→ **Assignment**:
If a line in the material below has the word "property", copy it.

→ **Data**:

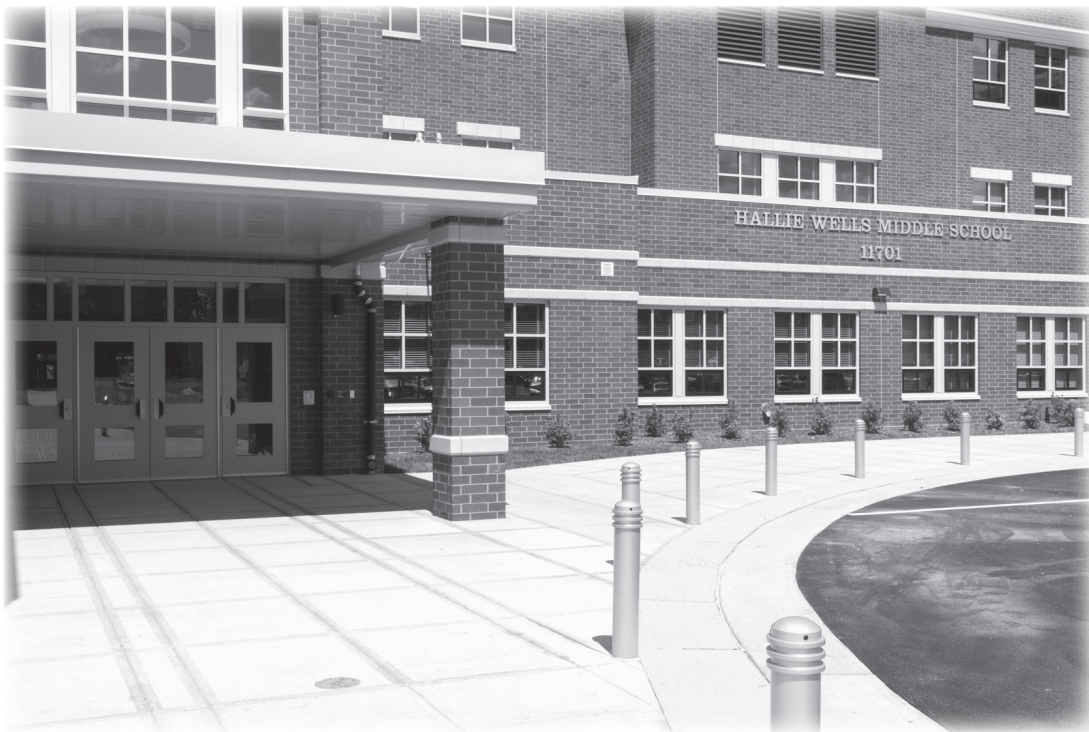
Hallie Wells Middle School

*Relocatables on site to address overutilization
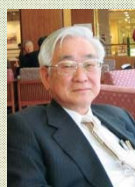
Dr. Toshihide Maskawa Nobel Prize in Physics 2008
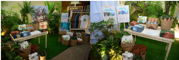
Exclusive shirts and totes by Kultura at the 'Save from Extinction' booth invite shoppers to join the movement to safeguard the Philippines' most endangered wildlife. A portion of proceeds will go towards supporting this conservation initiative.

--

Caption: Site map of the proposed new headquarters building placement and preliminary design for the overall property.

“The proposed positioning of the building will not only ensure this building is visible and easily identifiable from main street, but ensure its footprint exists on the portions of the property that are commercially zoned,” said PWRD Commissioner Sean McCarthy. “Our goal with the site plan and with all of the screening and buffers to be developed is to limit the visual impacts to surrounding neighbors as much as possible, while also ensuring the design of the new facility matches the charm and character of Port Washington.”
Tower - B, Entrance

==

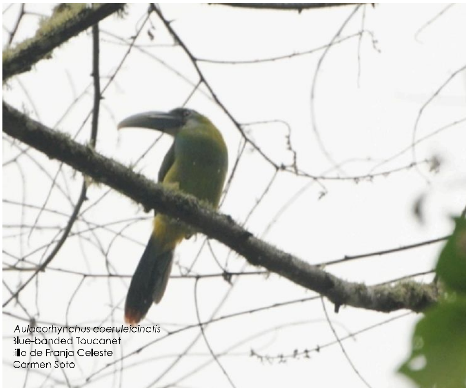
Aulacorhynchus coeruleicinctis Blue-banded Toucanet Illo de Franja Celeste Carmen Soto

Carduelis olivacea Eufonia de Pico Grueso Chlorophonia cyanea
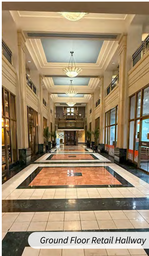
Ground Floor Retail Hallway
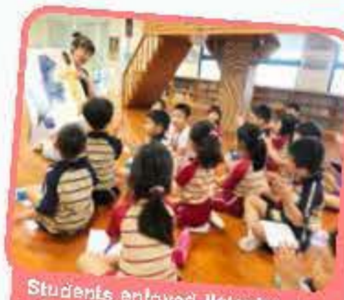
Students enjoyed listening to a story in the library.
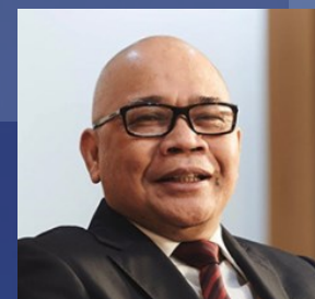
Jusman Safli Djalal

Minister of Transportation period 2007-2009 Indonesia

→ **The answer**:
Caption: Site map of the proposed new headquarters building placement and preliminary design for the overall property.
“The proposed positioning of the building will not only ensure this building is visible and easily identifiable from main street, but ensure its footprint exists on the portions of the property that are commercially zoned,” said PWRD Commissioner Sean McCarthy. “Our goal with the site plan and with all of the screening and buffers to be developed is to limit the visual impacts to surrounding neighbors as much as possible, while also ensuring the design of the new facility matches the charm and character of Port Washington.”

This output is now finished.